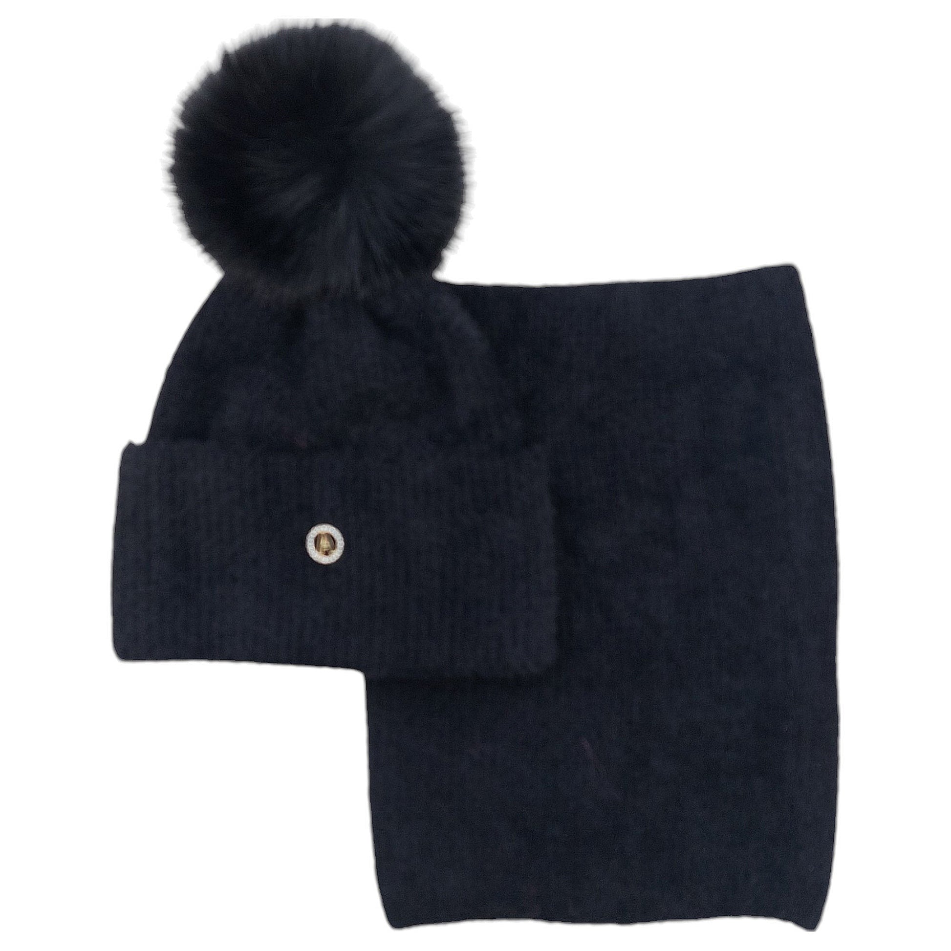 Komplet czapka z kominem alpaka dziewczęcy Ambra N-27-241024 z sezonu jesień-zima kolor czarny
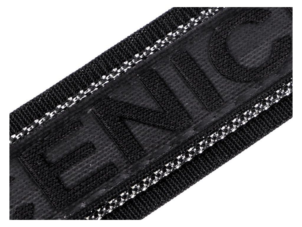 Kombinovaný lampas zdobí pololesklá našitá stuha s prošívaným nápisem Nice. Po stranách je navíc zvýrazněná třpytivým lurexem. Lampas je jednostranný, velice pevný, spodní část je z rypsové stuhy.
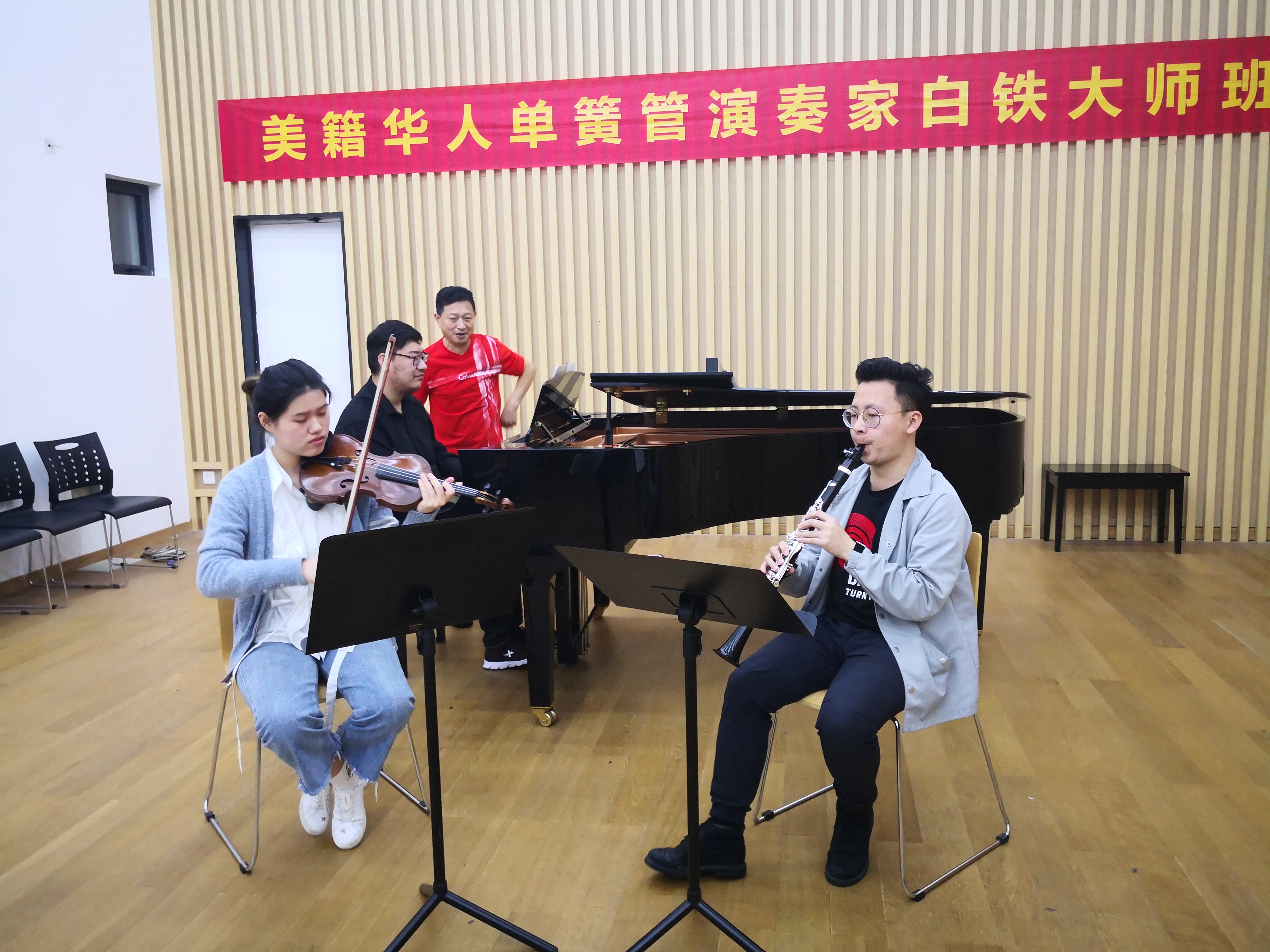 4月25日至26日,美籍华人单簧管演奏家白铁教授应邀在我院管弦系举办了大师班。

**Work to be completed**
An exact repeat of the listing above, pictures excluded, is the answer.

**Answer to this exercise**
 Komplet czapka z kominem alpaka dziewczęcy Ambra N-27-241024 z sezonu jesień-zima kolor czarny
 Kombinovaný lampas zdobí pololesklá našitá stuha s prošívaným nápisem Nice. Po stranách je navíc zvýrazněná třpytivým lurexem. Lampas je jednostranný, velice pevný, spodní část je z rypsové stuhy.
 4月25日至26日,美籍华人单簧管演奏家白铁教授应邀在我院管弦系举办了大师班。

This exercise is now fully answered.